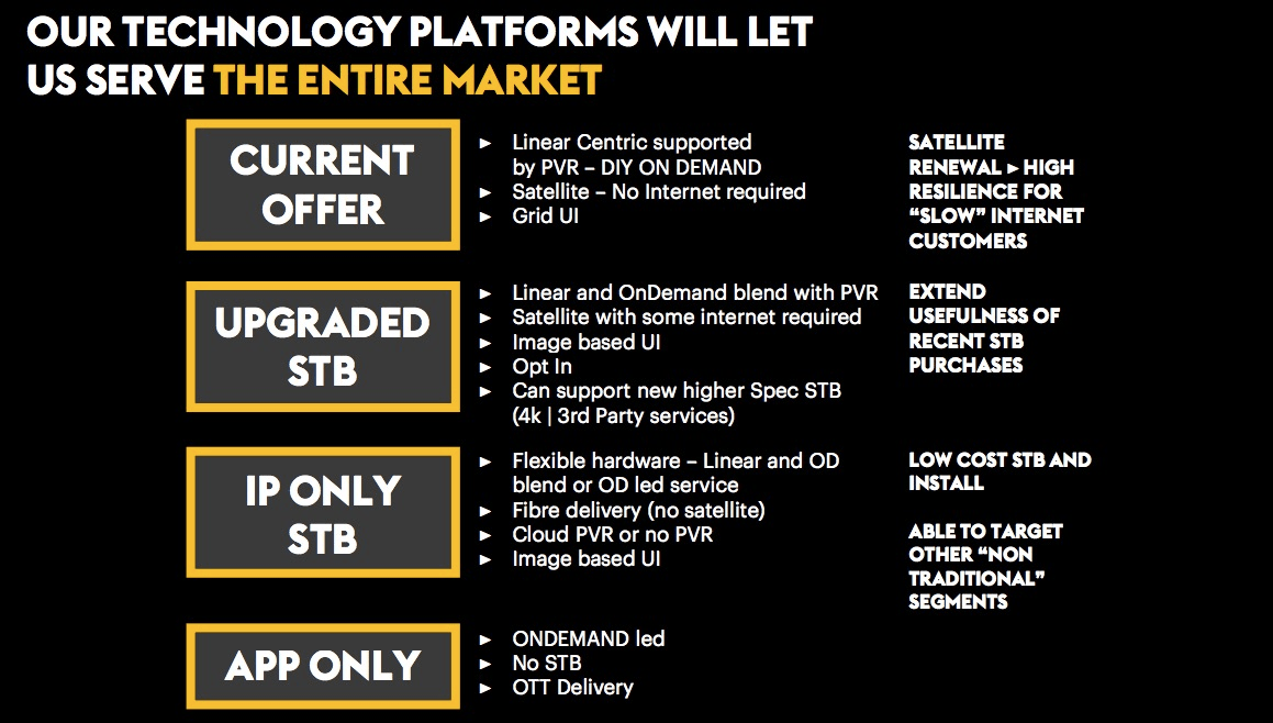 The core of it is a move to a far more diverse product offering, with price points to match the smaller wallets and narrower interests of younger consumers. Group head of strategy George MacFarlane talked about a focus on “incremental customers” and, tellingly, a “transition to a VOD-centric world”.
--
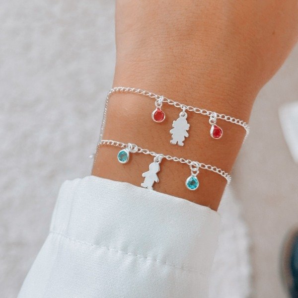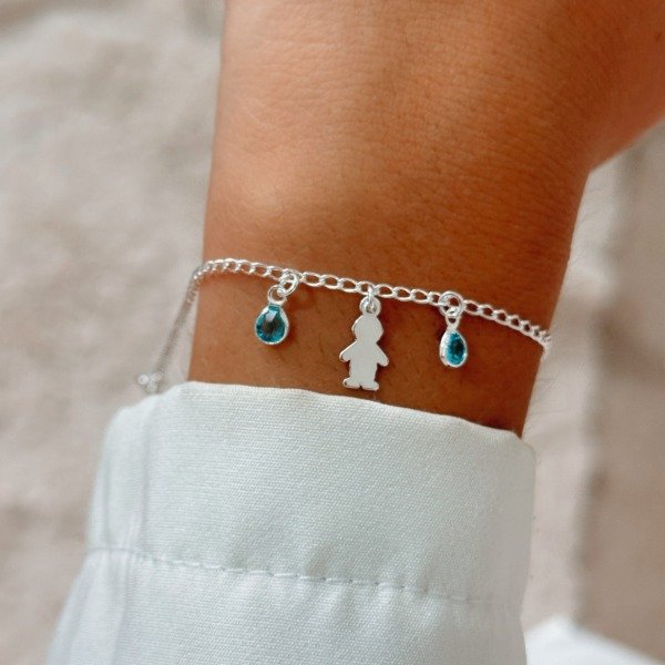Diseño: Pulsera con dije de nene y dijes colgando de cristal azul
---
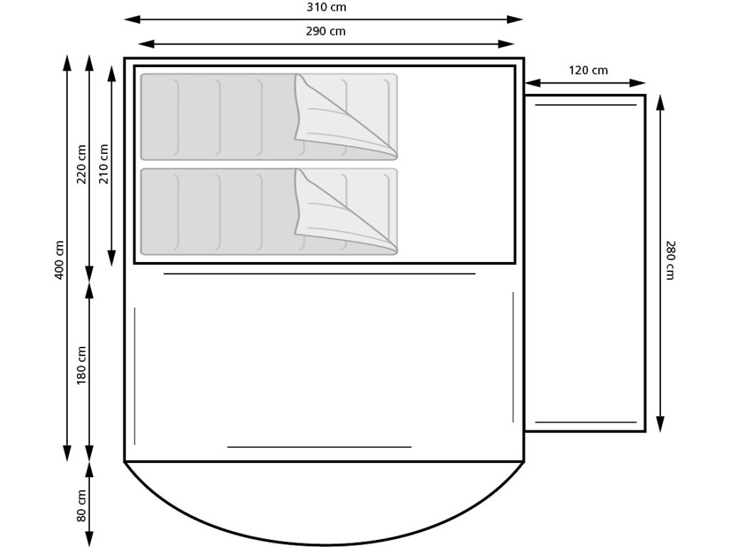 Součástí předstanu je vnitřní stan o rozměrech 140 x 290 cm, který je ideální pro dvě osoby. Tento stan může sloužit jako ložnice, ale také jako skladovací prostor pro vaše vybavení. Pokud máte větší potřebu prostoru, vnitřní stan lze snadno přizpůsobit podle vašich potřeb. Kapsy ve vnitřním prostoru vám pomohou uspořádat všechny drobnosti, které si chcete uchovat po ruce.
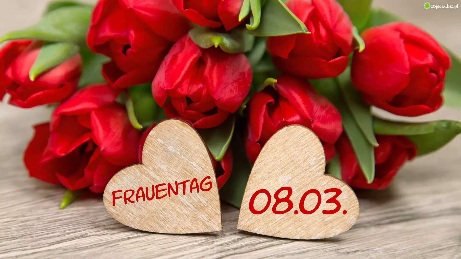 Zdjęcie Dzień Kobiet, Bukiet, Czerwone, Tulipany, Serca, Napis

YOUR TASK - Output exactly the lines above that lie between the line with "Součástí předstanu je" and the line with "Zdjęcie Dzień Kobiet, Bukiet, Czerwone, Tulipany, Serca, Napis", those two lines included, and no pictures.

RESULT OF THE EXERCISE -
 Součástí předstanu je vnitřní stan o rozměrech 140 x 290 cm, který je ideální pro dvě osoby. Tento stan může sloužit jako ložnice, ale také jako skladovací prostor pro vaše vybavení. Pokud máte větší potřebu prostoru, vnitřní stan lze snadno přizpůsobit podle vašich potřeb. Kapsy ve vnitřním prostoru vám pomohou uspořádat všechny drobnosti, které si chcete uchovat po ruce.
 Zdjęcie Dzień Kobiet, Bukiet, Czerwone, Tulipany, Serca, Napis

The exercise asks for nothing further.